Problem description:
Please retype the listing exactly as it appears, skipping each picture.

━━━ Provided material

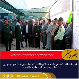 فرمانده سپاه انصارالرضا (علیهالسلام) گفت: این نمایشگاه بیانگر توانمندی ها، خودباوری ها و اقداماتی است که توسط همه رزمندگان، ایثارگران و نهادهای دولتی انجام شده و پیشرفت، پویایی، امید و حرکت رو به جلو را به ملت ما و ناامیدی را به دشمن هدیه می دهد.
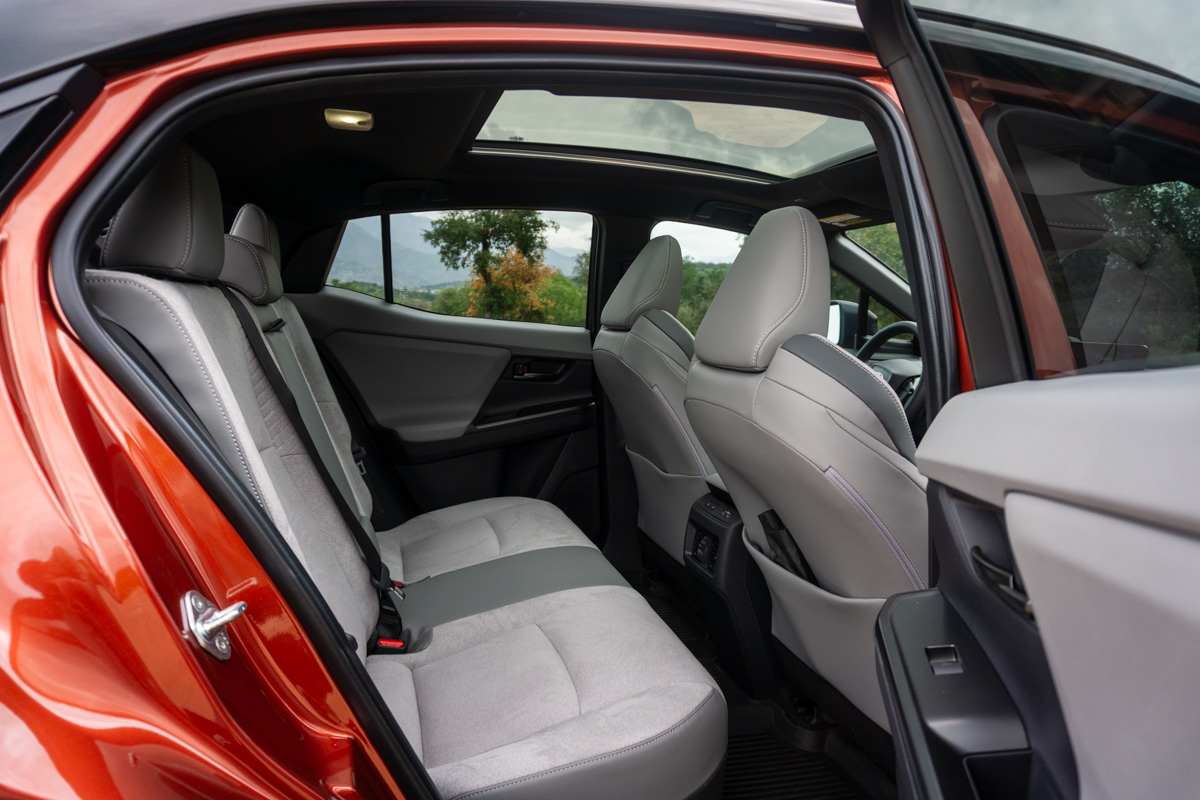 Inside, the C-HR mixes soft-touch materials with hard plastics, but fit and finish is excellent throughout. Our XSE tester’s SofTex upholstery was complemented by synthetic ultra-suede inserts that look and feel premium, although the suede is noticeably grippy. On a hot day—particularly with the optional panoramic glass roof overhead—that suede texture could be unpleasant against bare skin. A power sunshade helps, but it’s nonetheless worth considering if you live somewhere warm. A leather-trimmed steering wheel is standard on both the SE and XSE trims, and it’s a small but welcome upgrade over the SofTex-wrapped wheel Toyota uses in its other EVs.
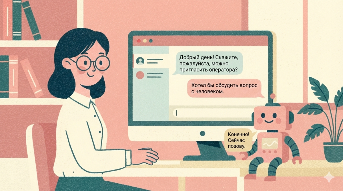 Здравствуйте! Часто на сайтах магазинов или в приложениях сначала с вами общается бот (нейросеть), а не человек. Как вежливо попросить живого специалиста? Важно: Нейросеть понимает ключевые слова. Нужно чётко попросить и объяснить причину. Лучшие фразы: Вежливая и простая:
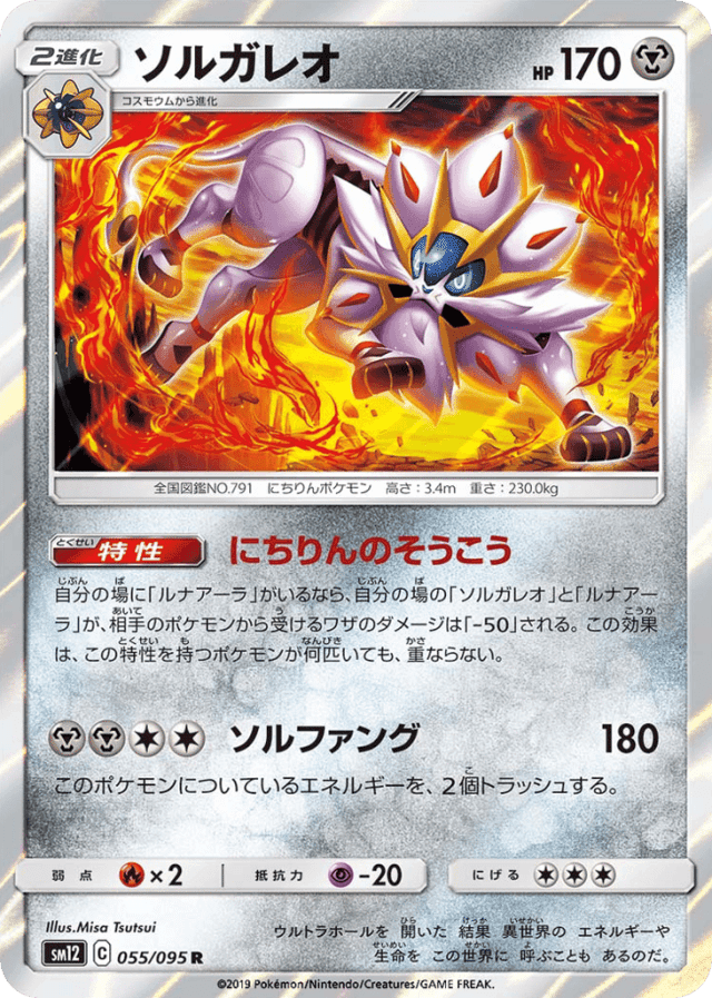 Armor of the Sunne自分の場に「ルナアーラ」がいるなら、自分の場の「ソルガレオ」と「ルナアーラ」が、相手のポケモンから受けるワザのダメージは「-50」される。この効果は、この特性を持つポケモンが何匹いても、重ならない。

━━━━━━

Written reply:
 فرمانده سپاه انصارالرضا (علیهالسلام) گفت: این نمایشگاه بیانگر توانمندی ها، خودباوری ها و اقداماتی است که توسط همه رزمندگان، ایثارگران و نهادهای دولتی انجام شده و پیشرفت، پویایی، امید و حرکت رو به جلو را به ملت ما و ناامیدی را به دشمن هدیه می دهد.
 Inside, the C-HR mixes soft-touch materials with hard plastics, but fit and finish is excellent throughout. Our XSE tester’s SofTex upholstery was complemented by synthetic ultra-suede inserts that look and feel premium, although the suede is noticeably grippy. On a hot day—particularly with the optional panoramic glass roof overhead—that suede texture could be unpleasant against bare skin. A power sunshade helps, but it’s nonetheless worth considering if you live somewhere warm. A leather-trimmed steering wheel is standard on both the SE and XSE trims, and it’s a small but welcome upgrade over the SofTex-wrapped wheel Toyota uses in its other EVs.
 Здравствуйте! Часто на сайтах магазинов или в приложениях сначала с вами общается бот (нейросеть), а не человек. Как вежливо попросить живого специалиста? Важно: Нейросеть понимает ключевые слова. Нужно чётко попросить и объяснить причину. Лучшие фразы: Вежливая и простая:
 Armor of the Sunne自分の場に「ルナアーラ」がいるなら、自分の場の「ソルガレオ」と「ルナアーラ」が、相手のポケモンから受けるワザのダメージは「-50」される。この効果は、この特性を持つポケモンが何匹いても、重ならない。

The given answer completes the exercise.